1. Install rclone on your host: `curl https://rclone.org/install.sh | sudo bash`
2. Configure a remote: `rclone config`
3. Mount the config into the container:

```diff
services:
  zerobyte:
    volumes:
      - /var/lib/zerobyte:/var/lib/zerobyte
+     - ~/.config/rclone:/root/.config/rclone
```

After restarting the container, choose rclone as the repository type and select your remote.
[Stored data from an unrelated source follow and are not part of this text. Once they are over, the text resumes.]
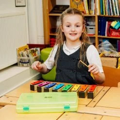 Each chime bar is colour coded and has its note value embossed on top of the bar to aid learning and development of performance skills. They are accurately tuned and produce a delightfully crisp and clear timbre when struck with the beaters. This set comes complete with 2 plastic beaters and is supplied in a strong carry case with a handle. It is lightweight and easy to transport as well as compact to store. These are perfect for educational use both in the classroom and at home, and are amazing fun!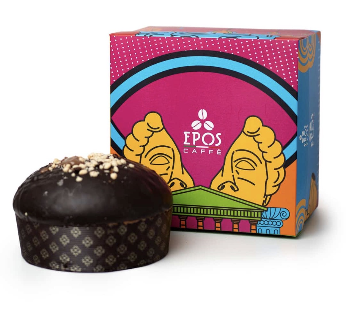 Suave, aromático, sorprendente: el Panettone Artesanal de EPOS Caffè nace de una masa de cacao fermentada lentamente, cubierta con un glaseado de chocolate y realzada con granos de café tostado y crumble de galletas crujientes.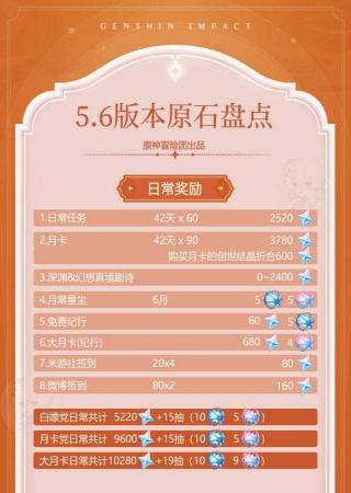 原神新版本原石統(tǒng)計(jì)
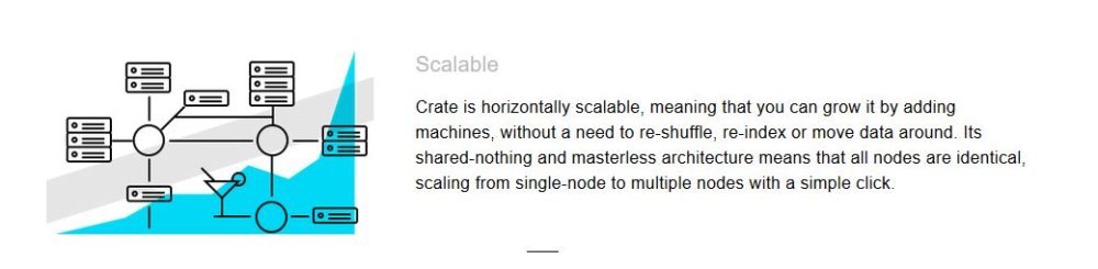 Enterprises and startups have deployed Crate clusters to power real time analytics, real time dashboards (network traffic, security events), IoT-backends (sensor data, telemetry data), ad-tech (web traffic), telecom apps (call logs, CDRs) and user-facing Web and Mobile apps.Crate is designed to support the huge scale of Web, mobile and IoT applications. Crate is horizontally scalable, means that can grow up by adding machines, without a need to re-shuffle, re-index or move data around. Its shared-nothing and masterless architecture, means that all nodes are similar, scaling from single-node to multiple nodes with a simple click.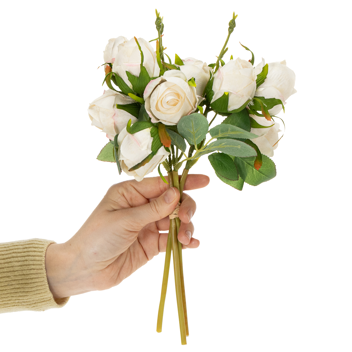 Verleihen Sie Ihren Räumlichkeiten eine stilvolle Eleganz mit diesem Kunstblumenstrauß aus weißen Rosen. Die hochwertige Verarbeitung und die natürlichen rosa Akzente machen dieses Arrangement zu einem echten Blickfang – ideal für eine anspruchsvolle Dekoration, die keine Pflege erfordert.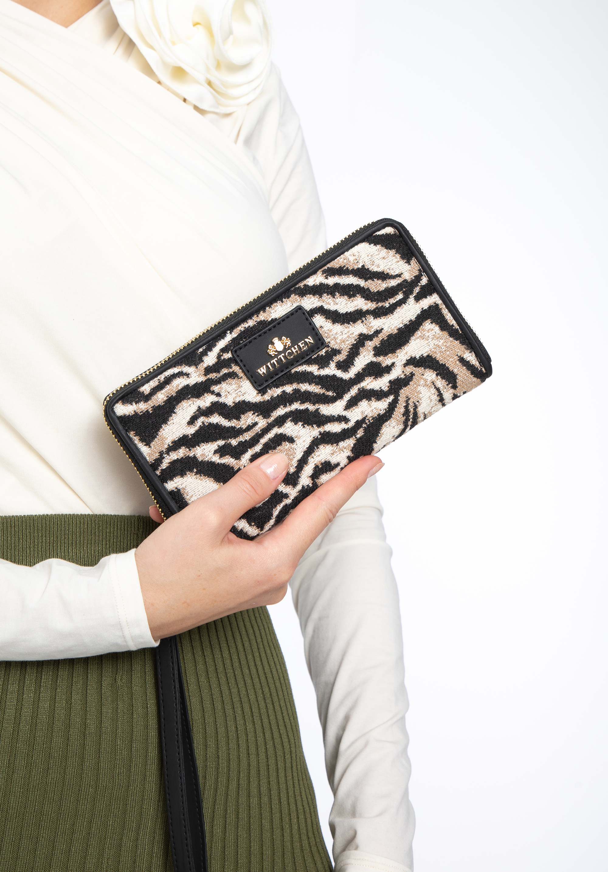 Portofel elegant pentru femeile care doresc să urmeze ultimele tendințe în modă. Aducerea unui amestec de culori excepționale și măiestrie rafinată este acest portofel. Fabricat din amestec de bumbac, acest portofel este securizat cu fermoar și are 2 buzunare pentru bancnote, 2 buzunare mari deschise (inclusiv o plasă) și până la 6 sloturi interne pentru carduri de credit. Proiectat cu o căptușeală specială pentru a ajuta la protejarea cipurilor RFID din cardurile dvs. bancare împotriva scanării nejustificate.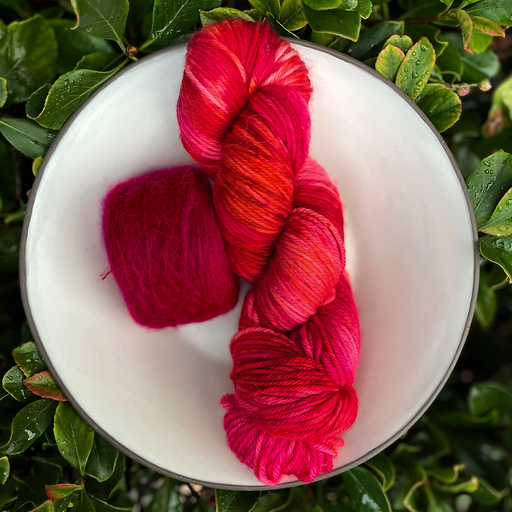 KIT: Paris Colored Hand-Dyed Merino Wool and Baby Suri Alpaca/Silk. This Baby Suri is dyed with Cochineal, Dactylopius coccus. One 100g skein 100%...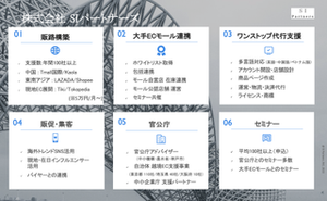 中国及び東南アジアの大手越境EC[T Mall国際][Kaola][LAZADA][Shopee]など、各モールからも評価を受け、ホワイトリスト取得や包括連携をし、ワンストップ(運営/物流/決済/マーケティング)での支援体制を整え、日本企業の海外展開を伴走支援しております。
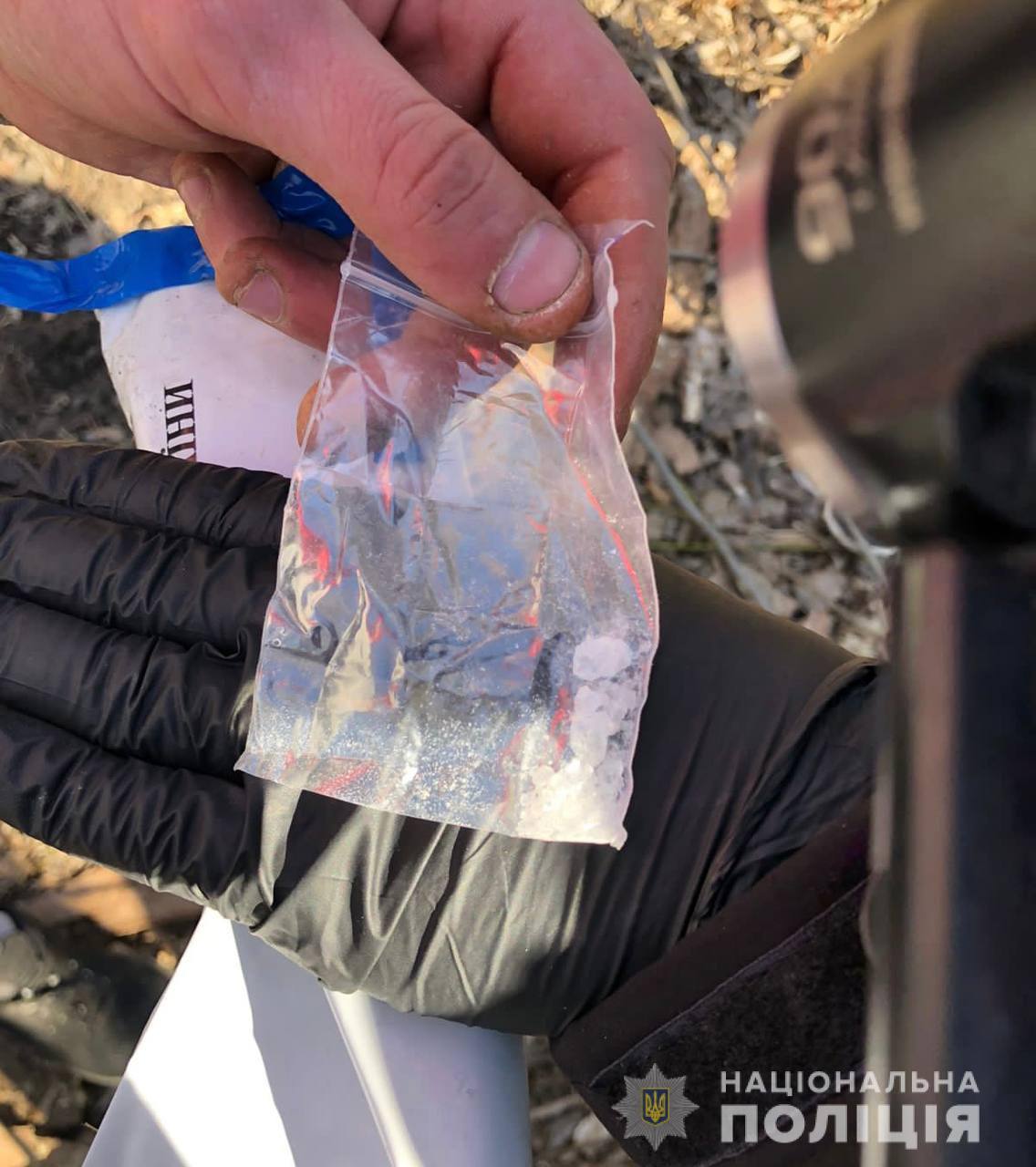 Під час поверхневої перевірки та огляду автомобіля в них виявили прозорі пакетики з ймовірно психотропними речовинами та саморобні пристрої для вживання наркотиків. Правоохоронці встановили, що 19-річний та 21-річний правопорушники можуть бути причетні до розповсюдження наркотиків на території області.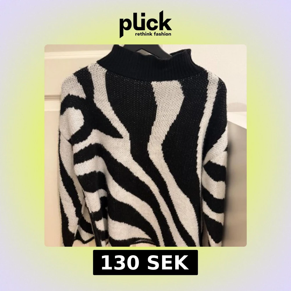 Snygg zebramönstrad stickad tröja från Estee Brown i svart och vit. Tröjan har en hög krage och långa ärmar, perfekt för att hålla sig varm och trendig. Ett måste för garderoben!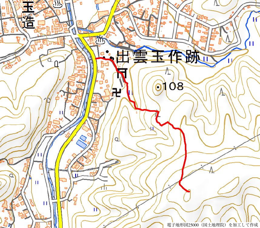 | 玉湯町玉造 10:52 金刀比羅宮への径の十字路 | 十字路を左へ入る。 | 10:53 |

## Create your first backup job

1. Pick a source volume and a repository
2. Set a schedule (daily, weekly, or custom)
3. Add include and exclude paths
4. Configure retention (keep daily, weekly, monthly, yearly)
5. Run the job once manually to verify credentials and performance

## Restore data

Open Backups, select a snapshot, and restore files back to their original paths. For partial restores, pick only the files you need and Zerobyte will pull them from Restic.

## Post-deploy checklist

<ListCheck>
- Create at least one repository and test a manual backup
- Validate restores with a small file set
- Schedule jobs during low-usage windows for the first run
- Keep Zerobyte updated and review logs for failures
</ListCheck>

## Restic CLI commands you should know

```bash
# initialize a local repo
export RESTIC_REPOSITORY=/srv/backups/restic-repo
export RESTIC_PASSWORD="strong-password"
restic init

# create a backup
restic -r $RESTIC_REPOSITORY backup /home /etc

# list snapshots
restic -r $RESTIC_REPOSITORY snapshots

# forget and prune with a retention policy
restic -r $RESTIC_REPOSITORY forget --prune \
  --keep-daily 7 --keep-weekly 4 --keep-monthly 12 --keep-yearly 3
```

## Practical retention tips

- Test restores regularly. A backup you cannot restore is useless.
- Keep Zerobyte metadata on local disk for performance and permissions.
- Expect the first backup to be heavy on I/O and bandwidth.
- Keep at least one independent offline copy for critical data.
- Use `restic check` and inspect logs when a job fails.

## FAQ

<Accordion label="Do I need SYS_ADMIN and /dev/fuse?" group="faq" expanded="true">
Only if you want Zerobyte to mount NFS, SMB, or WebDAV shares inside the container. For local folders, remove the capability and device for a safer setup.
</Accordion>

<Accordion label="Where does Zerobyte store repositories?" group="faq">
Local repositories live under `/var/lib/zerobyte/repositories` by default. Cloud repositories are stored in the backend you configure.
</Accordion>

## Final thoughts

Restic gives you trustworthy, encrypted backups. Zerobyte adds the convenience of a modern dashboard and scheduling layer. If you want a low-maintenance, self-hosted backup system, this combo is hard to beat.